Tomatoes: treat them mean, keep them keen
At this stage of the year, tomato plants resemble tangled jungles of indecision. Now is the time for discipline. Remove lower leaves to improve airflow and prevent blight. Pinch out side shoots (unless you’re growing bush types) and stop the main stem after about five trusses to concentrate energy on ripening. Sometimes you have to be cruel to be kind.
Harvest with intent
There’s something deeply satisfying about harvesting your own food, but do it with purpose. Lift potatoes before slugs find them. Pick courgettes while they’re still small and charming, rather than waiting until they resemble something you’d enter in a country fair. Beans should be picked regularly to keep the plants productive. And always, always bring a basket… you’ve put the work in, you might as well look the part.
Strawberry runners
Your strawberry plants are probably sending out runners like they’re trying to colonise the entire allotment. While this enthusiasm is impressive, it can quickly turn into a tangled, leafy land-grab. Now’s the time to step in. If you want new plants for next year, peg a few healthy runners into pots of compost and let them root in place – free plants, no complaints. The rest? Ruthlessly snip them off so your main plants can conserve energy and stay productive. Left unchecked, they’ll drain the life out of the mother plant and leave you with a lot of leaves and not many berries. Quick job, big payoff. Plus, who doesn’t like feeling slightly in control of something?
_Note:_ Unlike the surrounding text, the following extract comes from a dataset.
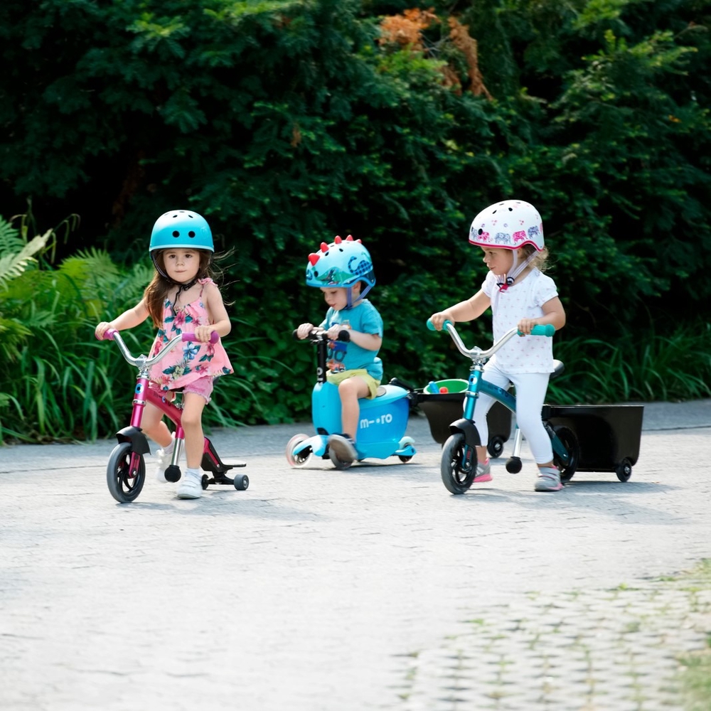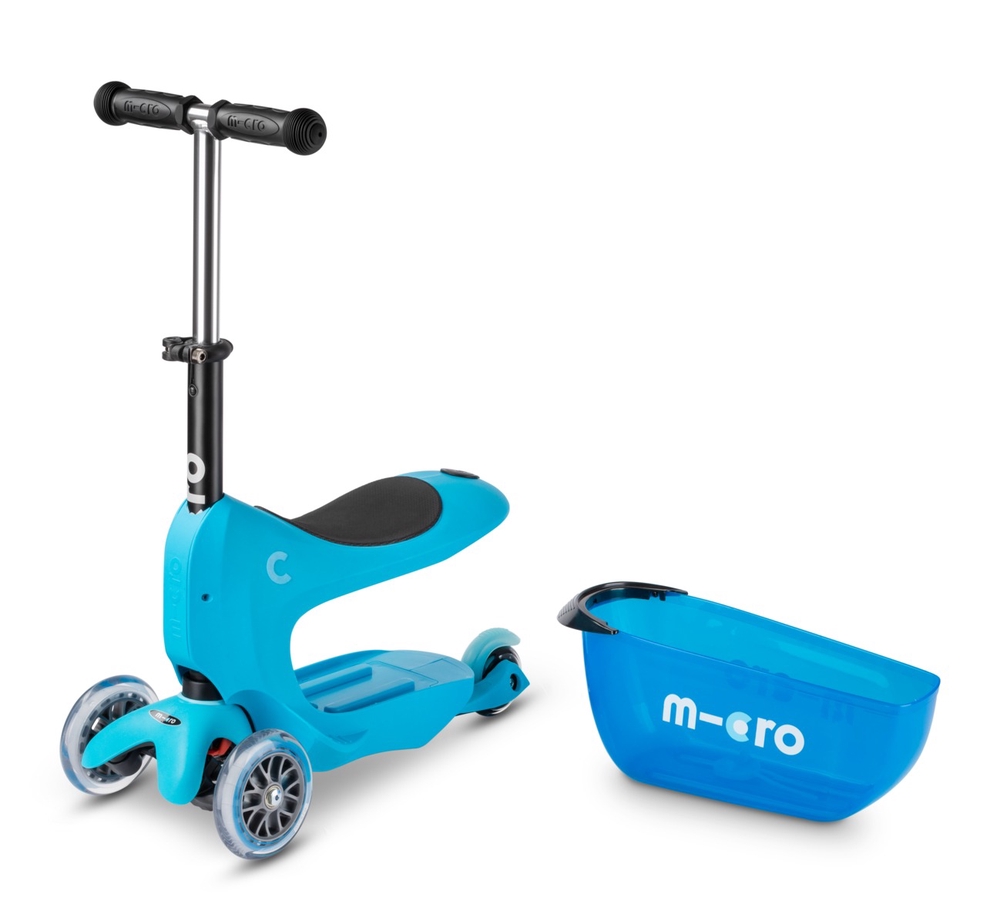 The Micro Mini2Go Deluxe balance bike is an upgraded version of the Mini Deluxe model, suitable for children from 18 months to 5 years of age. This multifunctional balance bike grows with your child, serving as a running bike with a seat and storage box for smaller children. The storage box under the seat adds a playful touch and allows children to carry their toys with them. As the child grows, the seat and storage box can be removed from the scooter, turning it into a regular Micro Mini Deluxe version. The scooter encourages children to get out into the fresh air, helping to develop their balance, coordination, and motor skills. Micro Mini scooters have been developed in collaboration with Swiss medical professionals, specifically with the development of preschool children in mind.

Sow now for autumn and beyond
It’s not all about harvesting. Now is also the time to sow crops for autumn and even winter. Try chard, kale, pak choi, spinach, and turnips. They’ll relish the warm soil and shorter days. Think of it as an investment, one that will pay out when the rest of the plot is under snow and regret.
Tidy with caution
Yes, you want to keep things shipshape. But remember that a little mess is a lifeline for wildlife. Leave a corner of the plot wild. Don’t be too eager to clear spent crops. Hollow stems, seed heads, and tangled undergrowth all offer refuge for beetles, spiders, and other beneficial creepers and crawlers. Nature rewards the slightly untidy. As an added bonus, any seeds that are left to develop and collected once dried will save you money next year.
Prune summer raspberries
If your summer-fruiting raspberries have finished producing, now’s the time to grab your secateurs and do a bit of strategic chopping. Cut out the old, brown canes that fruited this year right down to the base, those are done and dusted. Keep the fresh green canes that grew this season; they’re the ones that will fruit next summer, so treat them like VIPs. Space them out a bit and tie them to supports if needed, giving them room to breathe and reducing the chance of disease. Skip this step and you’ll end up with a bramble-like mess by autumn, complete with scratched arms and a lot of choice words. A quick prune now means healthier plants, better berries, and far less wrestling with rogue canes next year.